Seine Äußerungen markieren einen Wandel im Ton nach monatelangen Spannungen über Zölle, Energieimporte und Visapolitik, die die Beziehungen zwischen den beiden Demokratien belastet hatten.

Handelsgespräche gewinnen neuen Schwung

Trumps Äußerungen deuten auf erneute Fortschritte bei den Gesprächen hin, die aufgrund von Streitigkeiten über Handelsbarrieren und Marktzugang ins Stocken geraten waren.

Indien sieht sich derzeit mit Zöllen von bis zu 50 % auf seine Exporte in die Vereinigten Staaten konfrontiert, ein Satz, der höher ist als die Zölle von 47 %, die auf chinesische Waren erhoben werden.

Diese Maßnahmen haben zu den Spannungen zwischen den beiden Volkswirtschaften geführt, die sich auf Sektoren wie Textilien, Stahl und Pharmazeutika auswirken.

Washingtons Entscheidung, die H1B-Visumgebühr auf 100.000 Dollar zu erhöhen, trug zu der Belastung bei, ebenso wie Trumps frühere Behauptungen, er habe einen Waffenstillstand zwischen Indien und Pakistan vermittelt – Behauptungen, die scharfe Reaktionen aus Neu-Delhi hervorriefen.
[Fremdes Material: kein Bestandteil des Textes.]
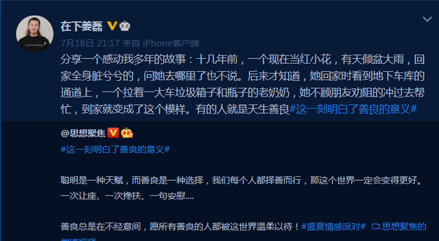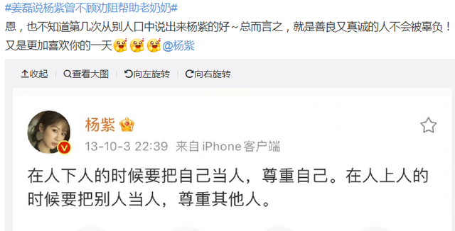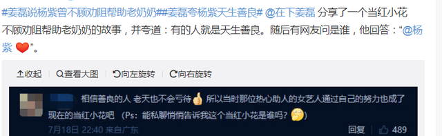 另一方面,这次热搜话题词是#姜磊说杨紫曾不顾劝阻帮助老奶奶# #姜磊夸杨紫天生善良#,虽然姜磊夸杨紫善良是事实,但是却加了个不顾劝阻,有点不合适。首先,帮助老奶奶这不是什么冒险的坏事,为什么朋友或者同行的助理司机等人,会劝阻呢,显得他们多没爱心,也不去帮忙杨紫一起做善事,还劝阻,太没同情心了。其次,当时外面倾盆大雨,拾荒的老奶奶,为什么这时候要带着废品出去呢,不怕淋湿了不好卖吗,然后杨紫的助理们居然也不给她撑撑伞,具体细节,也让人有点不解。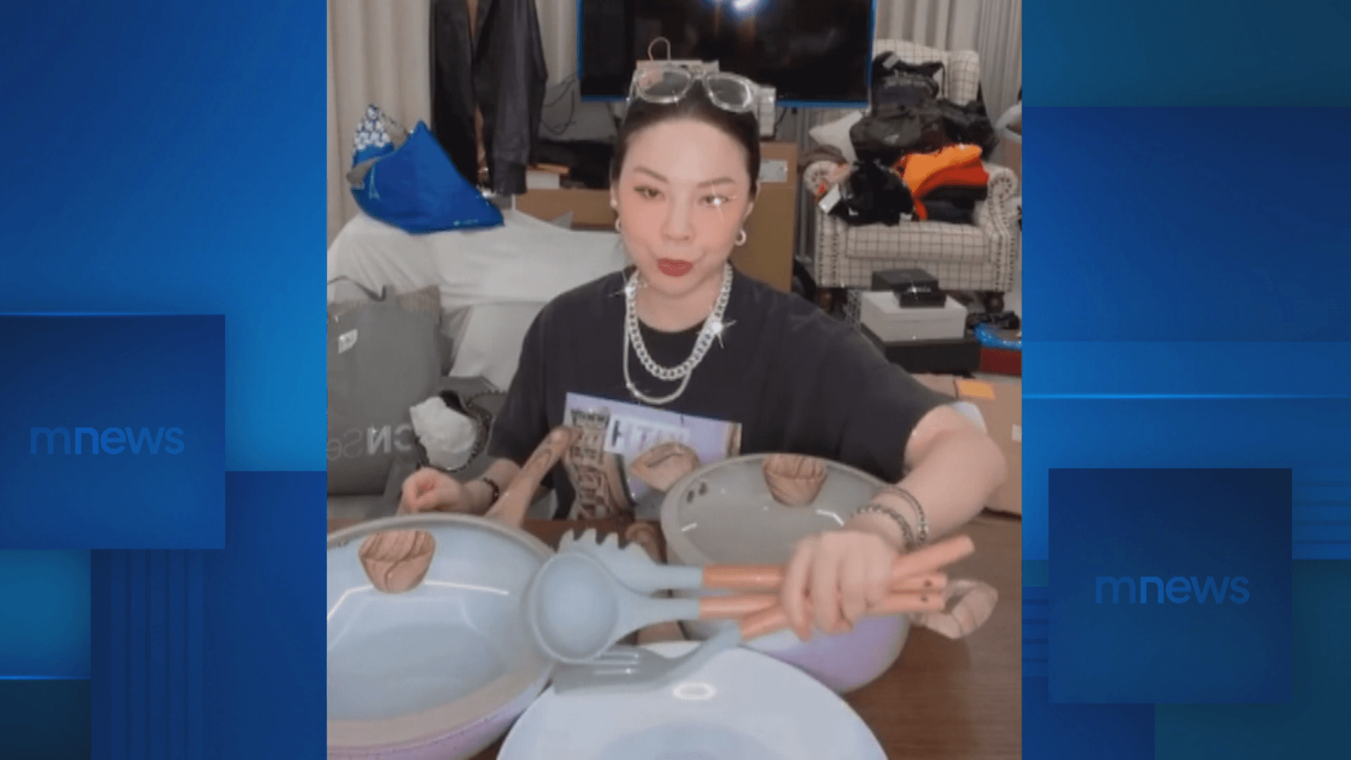其實楊秀蓉的事業版圖,除了經營網拍賣精品之外,還賣高級鍋具,很多藝人都是他的客戶。楊秀蓉直播中銷售商品時,自信發豪語:「5千元賣給你三組加一,阿蓉發瘋我要把它清掉。」不甘名譽受損,決定硬起來提出告訴,再開直播公諸於世,「網拍天后」要展開,捍衛商譽大作戰。

Trotz dieses Hintergrunds scheinen die Verantwortlichen auf beiden Seiten optimistischer zu sein, dass in den kommenden Monaten ein umfassendes Handelsabkommen erreicht werden könnte.

Russisches Öl im Mittelpunkt der Gespräche

Der Energiehandel hat sich zu einem der heikelsten Themen entwickelt.

Während Trump behauptete, Indien habe "weitgehend aufgehört, Öl aus Russland zu kaufen", zeigen die Daten, dass ein vollständiger Rückzug unwahrscheinlich bleibt.

Reduziertes russisches Rohöl hat Indien geholfen, die inländischen Kraftstoffpreise abzufedern und die Inflation zu begrenzen, was es zu einem wichtigen Bestandteil seines Importkorbs macht.

Die US-Sanktionen gegen die russischen Ölgiganten Rosneft und Lukoil veranlassen die Raffinerien in Indien und China bereits, ihre Einkäufe zu reduzieren.

Russisches Rohöl wird derzeit mit dem höchsten Abschlag gegenüber Brent seit einem Jahr verkauft, da die asiatischen Käufer ihre Bestellungen zurückfahren.

Tarifsenkungen bis Jahresende möglich

Experten sagten, dass die Verhandlungen dazu führen könnten, dass die Zölle auf indische Exporte bis Ende des Jahres von 50 Prozent auf rund 20 Prozent gesenkt werden, oder möglicherweise früher.

Dies würde Indien stärker an Konkurrenten wie Vietnam, Thailand und die Philippinen angleichen, wenn auch immer noch über den 15 % der Zölle Japans und Südkoreas.

Hermann warnte, dass der Weg zu einer Einigung nach wie vor komplex sei.

Agrarimporte, Investitionsverpflichtungen und Indiens anhaltende Verbindungen zu den russischen Energieversorgungsketten gehören zu den größten Hindernissen.

Während beide Regierungen motiviert sind, ein Abkommen abzuschließen, werden die Fortschritte vom Umfang der Zugeständnisse abhängen, zu denen jede Seite bereit ist.